* [Provided data]:
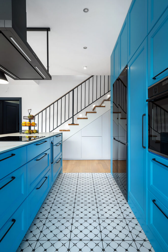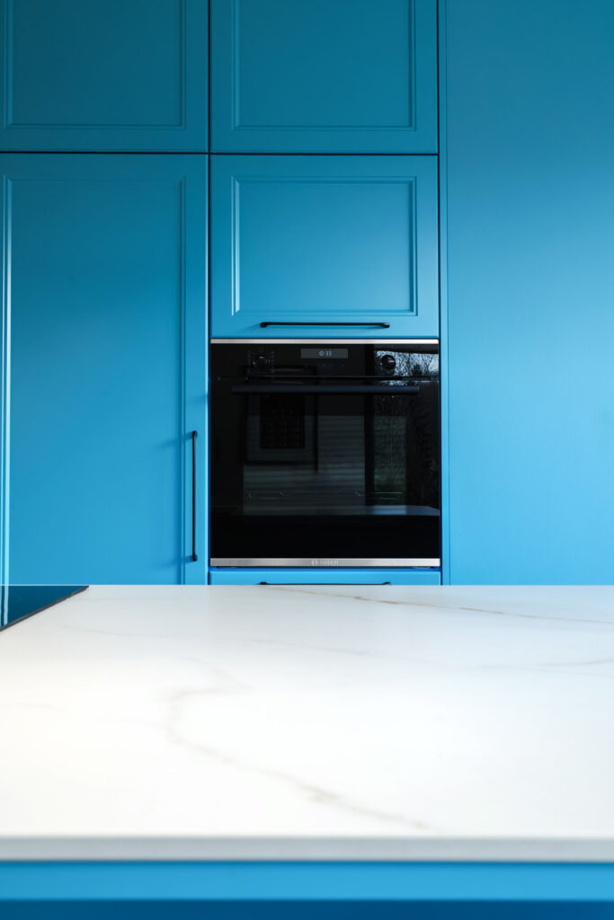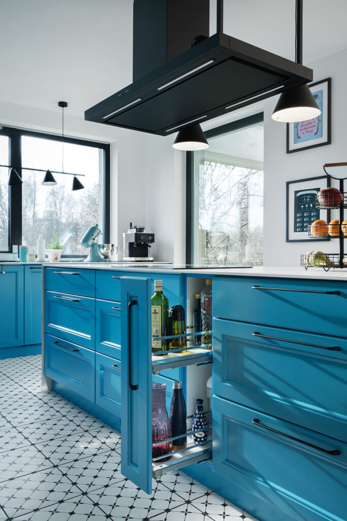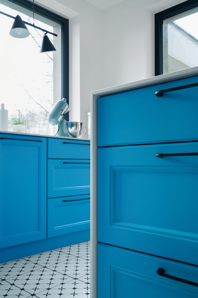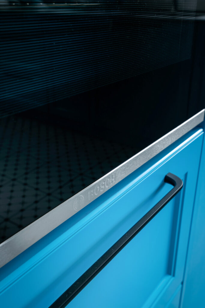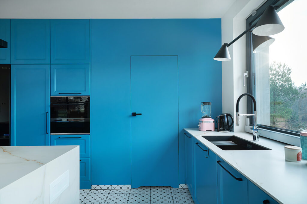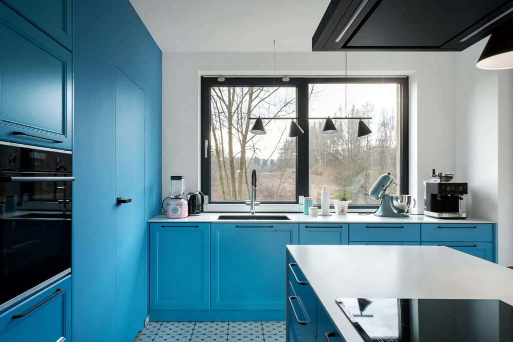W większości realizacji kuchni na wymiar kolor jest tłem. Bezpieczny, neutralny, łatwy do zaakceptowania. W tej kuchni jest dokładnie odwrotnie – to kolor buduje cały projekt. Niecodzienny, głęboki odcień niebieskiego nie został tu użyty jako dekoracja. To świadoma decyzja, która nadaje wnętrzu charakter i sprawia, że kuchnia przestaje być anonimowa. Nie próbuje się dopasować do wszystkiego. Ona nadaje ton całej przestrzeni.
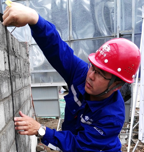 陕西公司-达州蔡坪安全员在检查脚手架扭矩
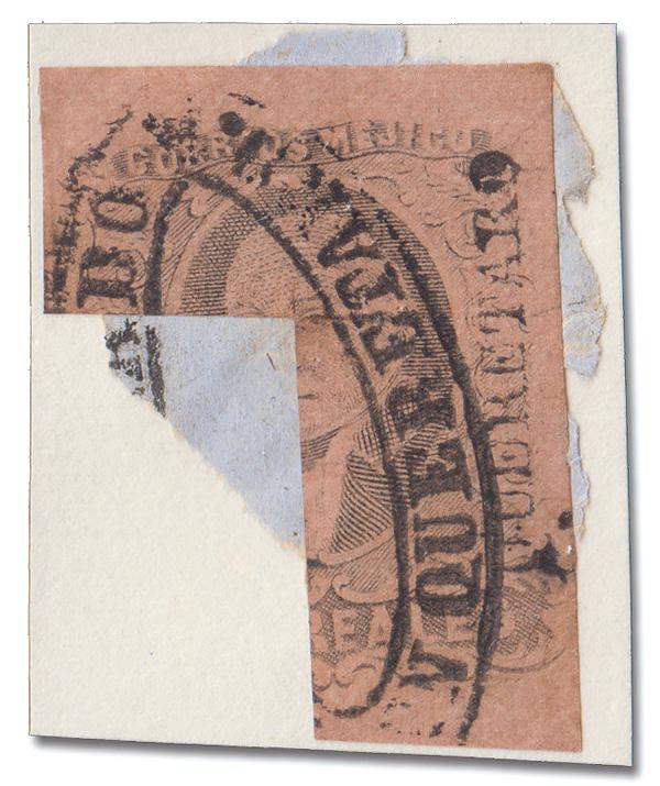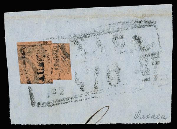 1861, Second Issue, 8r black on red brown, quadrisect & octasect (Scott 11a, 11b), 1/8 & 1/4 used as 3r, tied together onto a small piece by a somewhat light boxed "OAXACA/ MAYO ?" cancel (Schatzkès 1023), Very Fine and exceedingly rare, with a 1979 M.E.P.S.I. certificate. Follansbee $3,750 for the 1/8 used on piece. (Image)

---

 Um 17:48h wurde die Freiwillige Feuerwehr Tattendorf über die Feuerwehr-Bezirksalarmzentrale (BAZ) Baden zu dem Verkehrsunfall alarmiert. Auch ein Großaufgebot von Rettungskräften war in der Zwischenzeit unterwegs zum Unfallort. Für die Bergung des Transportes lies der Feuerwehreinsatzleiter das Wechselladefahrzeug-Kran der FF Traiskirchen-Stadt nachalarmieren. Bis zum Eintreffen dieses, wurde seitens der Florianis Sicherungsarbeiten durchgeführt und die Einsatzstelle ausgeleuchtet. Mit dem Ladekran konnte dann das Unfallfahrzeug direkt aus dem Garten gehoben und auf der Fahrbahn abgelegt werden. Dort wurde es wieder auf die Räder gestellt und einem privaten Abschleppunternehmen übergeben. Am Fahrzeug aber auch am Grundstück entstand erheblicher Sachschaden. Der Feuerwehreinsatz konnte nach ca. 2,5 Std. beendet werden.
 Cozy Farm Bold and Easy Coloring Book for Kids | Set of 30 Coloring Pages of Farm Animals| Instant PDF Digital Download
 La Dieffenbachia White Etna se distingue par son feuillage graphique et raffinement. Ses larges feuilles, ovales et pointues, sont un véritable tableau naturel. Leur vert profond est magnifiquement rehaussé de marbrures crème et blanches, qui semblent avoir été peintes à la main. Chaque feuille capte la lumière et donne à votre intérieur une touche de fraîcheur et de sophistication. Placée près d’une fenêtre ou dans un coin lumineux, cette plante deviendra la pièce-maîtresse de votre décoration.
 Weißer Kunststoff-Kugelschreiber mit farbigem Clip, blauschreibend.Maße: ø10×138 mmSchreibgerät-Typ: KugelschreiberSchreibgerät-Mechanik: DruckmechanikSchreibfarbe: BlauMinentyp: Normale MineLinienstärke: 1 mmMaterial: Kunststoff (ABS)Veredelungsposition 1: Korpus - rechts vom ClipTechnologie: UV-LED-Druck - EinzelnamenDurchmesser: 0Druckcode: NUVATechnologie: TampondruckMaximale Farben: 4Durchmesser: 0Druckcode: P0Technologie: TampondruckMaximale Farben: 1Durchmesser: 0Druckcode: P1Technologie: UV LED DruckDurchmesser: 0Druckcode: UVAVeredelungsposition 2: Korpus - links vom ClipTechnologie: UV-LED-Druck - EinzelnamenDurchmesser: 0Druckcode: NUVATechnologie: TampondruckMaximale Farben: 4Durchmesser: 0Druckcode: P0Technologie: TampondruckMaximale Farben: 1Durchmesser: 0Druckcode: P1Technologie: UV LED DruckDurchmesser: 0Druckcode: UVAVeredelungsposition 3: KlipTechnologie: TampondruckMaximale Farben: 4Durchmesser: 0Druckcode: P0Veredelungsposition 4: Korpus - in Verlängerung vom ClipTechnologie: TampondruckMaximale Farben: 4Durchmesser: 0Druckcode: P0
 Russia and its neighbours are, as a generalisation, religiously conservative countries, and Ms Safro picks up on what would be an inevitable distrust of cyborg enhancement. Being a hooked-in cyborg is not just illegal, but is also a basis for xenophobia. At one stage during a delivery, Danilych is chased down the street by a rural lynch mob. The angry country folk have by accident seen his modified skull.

* [Required work]: Now transcribe the lines above exactly, starting at the line containing "W większości realizacji" and ending at the line containing "陕西公司-达州蔡坪安全员在检查脚手架扭矩", both lines included, pictures excluded.

* [Solution to the exercise]:
W większości realizacji kuchni na wymiar kolor jest tłem. Bezpieczny, neutralny, łatwy do zaakceptowania. W tej kuchni jest dokładnie odwrotnie – to kolor buduje cały projekt. Niecodzienny, głęboki odcień niebieskiego nie został tu użyty jako dekoracja. To świadoma decyzja, która nadaje wnętrzu charakter i sprawia, że kuchnia przestaje być anonimowa. Nie próbuje się dopasować do wszystkiego. Ona nadaje ton całej przestrzeni.
 陕西公司-达州蔡坪安全员在检查脚手架扭矩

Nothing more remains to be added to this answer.